SHARRYLAND
Dov'è
C’è una notte, a Paganico Sabino, che non è come le altre. È una notte calda d’agosto ma il buio e il silenzio che dovrebbero contraddistinguerla sono soppiantati dalle luci e dai rumori della festa di Maria Santissima e di San Giovanni Battista. L’intero paese è in piazza, e anche visitatori venuti qui apposta. L’aria che si respira, però, è particolare: il vociare non è forte e allegro, ma sommesso ed emozionato. C’è una strana vibrazione nell’aria, inconfondibile per chi l’abbia già provata: l’attesa.
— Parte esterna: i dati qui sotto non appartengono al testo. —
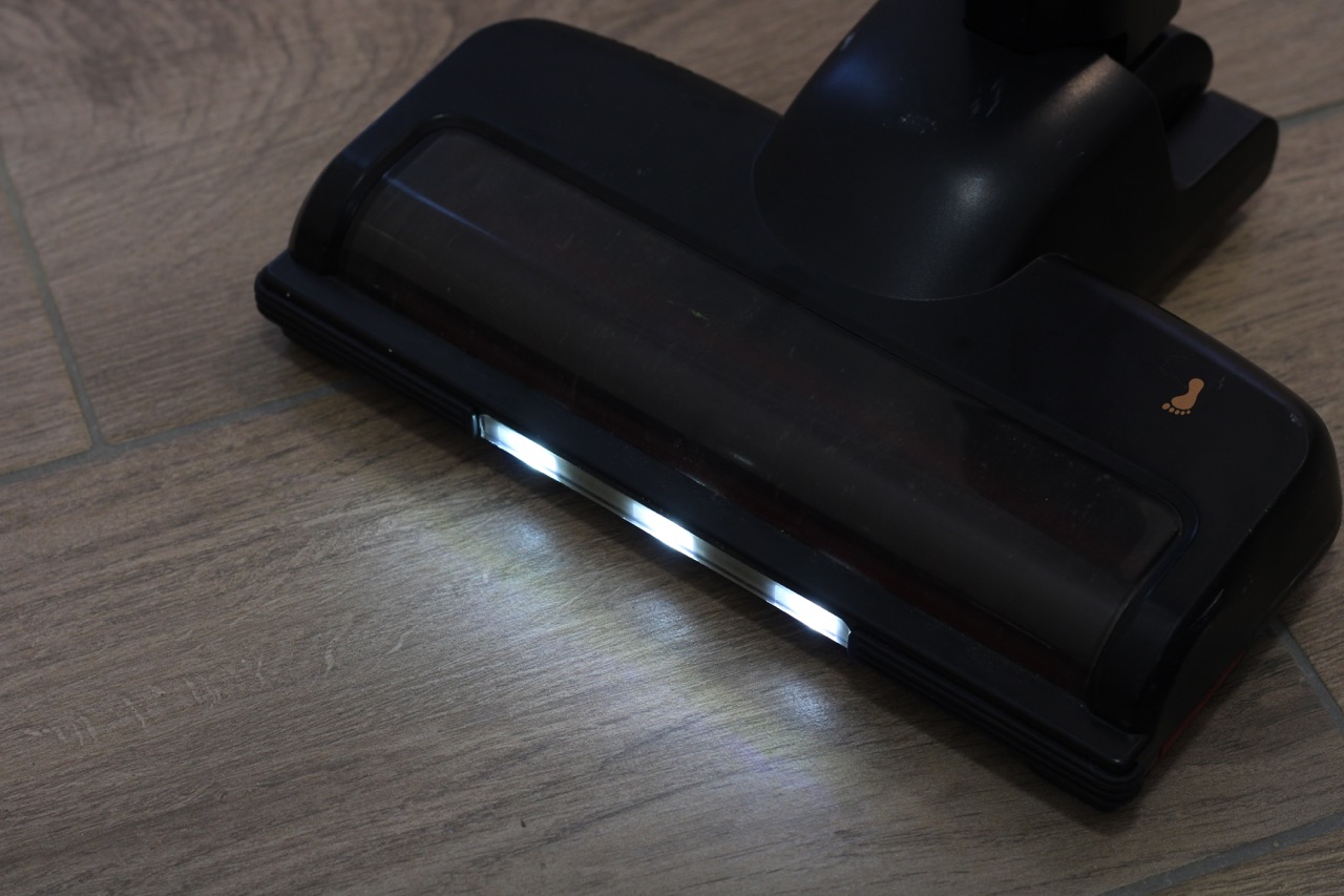 Das Saugen gefällt uns gut, was vor allem am niedrigen Gewicht liegt. Selbst nach längeren Einsätzen stellen wir keine Ermüdungserscheinungen fest. Im Zweifel lässt sich der Dynamic Storm auch für das Saugen an der Decke verwenden. Die Gleiteigenschaften der Düse gefallen uns ebenfalls. Für eine bessere Flexibilität können wir die Düse um circa 90 Grad nach links und rechts drehen. Das ist nichts Außergewöhnliches, hilft aber in der Praxis. Um den Schmutz auch in dunklen Ecken sichtbar zu machen, spendiert Princess dem Akkustaubsauger 3 LEDs an der Düse. Diese sind hell genug und bieten in der Praxis einen echten Mehrwert. Nach dem Saugen können wir das Gelenk an der Düse fest einrasten. Dann steht der Dynamic Storm von allein, was enorm beim Parken hilft. Wer möchte, kann auch die beiliegende Halterung mit den enthaltenen Schrauben an der Wand befestigen.
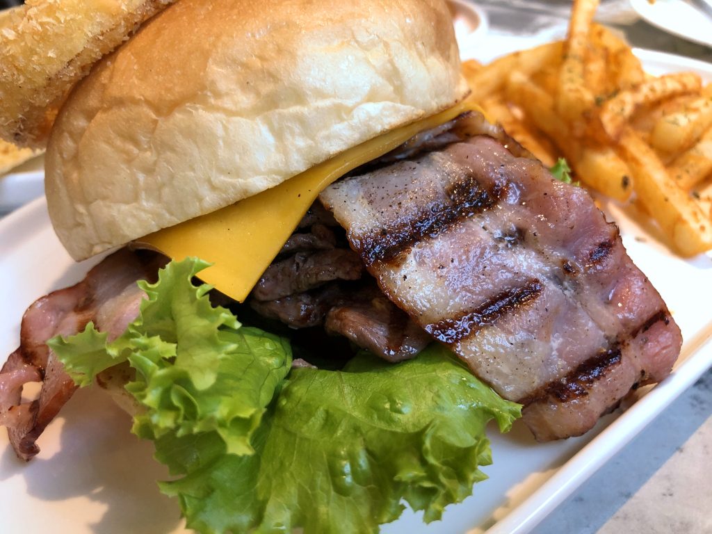 培根、起司、生菜與第戎美乃滋相互堆疊。所謂第戎,其實是以芥末籽為基底的美乃滋,風味溫潤不嗆。牛排採切片處理,一口咬下即可輕鬆入口,不會出現咬不斷的窘境,表現大大超出預期。

I giganti, la danza e il fuoco
Questa notte infatti, stanno per arrivare le Pantàsime, e nessuno vuole perdersi il loro ingresso. Ecco. Finalmente si è aperta la porta del locale dove si sono preparate. La prima a comparire sulla piazza, come sempre, è la femmina. Una struttura conica alta quasi due metri, in canne e carta, decorata con colori squillanti. Ha due seni abbondanti, simbolo di fertilità e buon auspicio, e un viso un po’ grottesco, appena abbozzato. Raggiunge il centro della piazza acclamata dagli astanti, ma manca ancora uno dei protagonisti, il maschio. Alto come lei, la saluta con un inchino ed è in questo momento che risuona il saltarello, ed ha inizio la danza. Seguendo il tempo incalzante della musica le Pantasime si sfiorano, saltano, si inclinano, animate da abilissimi ballerini al loro interno. E quando il ritmo si fa ossessivo e frenetico, arriva il culmine dell’evento: le Pantasime vengono date alle fiamme. Imperterriti, i coraggiosi ballerini continuano a far ballare i fantocci, rimanendo al loro interno quanto più a lungo possibile.
Una tradizione antica
Quella che oggi è una festa, è il residuo di un rito arcaico, composto da diversi influssi pagani: da un lato, c’è un elemento soprannaturale, un gigante che appare tra la gente, come un fantasma. E il nome «Pantàsima» deriva appunto dalla parola greca φάντασμα, phantasma cioè «che si mostra». Le sue fattezze, però sono umane: questo perché con il suo ballo, in mezzo alla gente, la Pantasima assorbe il male che potrebbe celarsi nella comunità, e lo annulla trascinandolo nel fuoco purificatore che la consuma. La gente, ora liberata dal maligno, era pronta ad iniziare un nuovo ciclo vitale. Non è un caso che da tradizione questo rito si svolga in agosto: era il momento in cui i pastori tornavano al paese dopo la transumanza, e si riunivano alle loro famiglie: la fine di un ciclo, che esigeva dei riti propiziatori per quello che stava per iniziare.
Dai ricordi degli anziani
Le Pantasime di oggi con molta probabilità non sono dello stesso tipo di quelle in uso prima degli anni ’30 del secolo scorso. I ricordi degli stessi anziani rimandano infatti a immagini di fantocci più piccoli e diversamente foggiati, con le braccia a mo’ di conca e con le fattezze del viso meglio delineate, forse più proprie all'arte della raffigurazione di modelli in cartapesta. Era l'occasione per dar sfogo all’inventiva sulle figure umane grottesche, talvolta prendendo a modello anche alcune persone del paese. Anche la procedura di costruzione era leggermente diversa a quel tempo: avveniva nel segreto più totale, ben nascosta dalle mura dell’edificio scelto come sede operativa. Sarebbero stati visti dalla gente solo alla loro effettiva apparizione in piazza, come dei veri fantasmi. Certamente la comunità sapeva cosa si preparava dietro quelle mura, ma la sorpresa nel vederle solo all’ultimo momento doveva essere immensa, amplificata dall’attesa e dalla moltitudine riunita in ammirazione.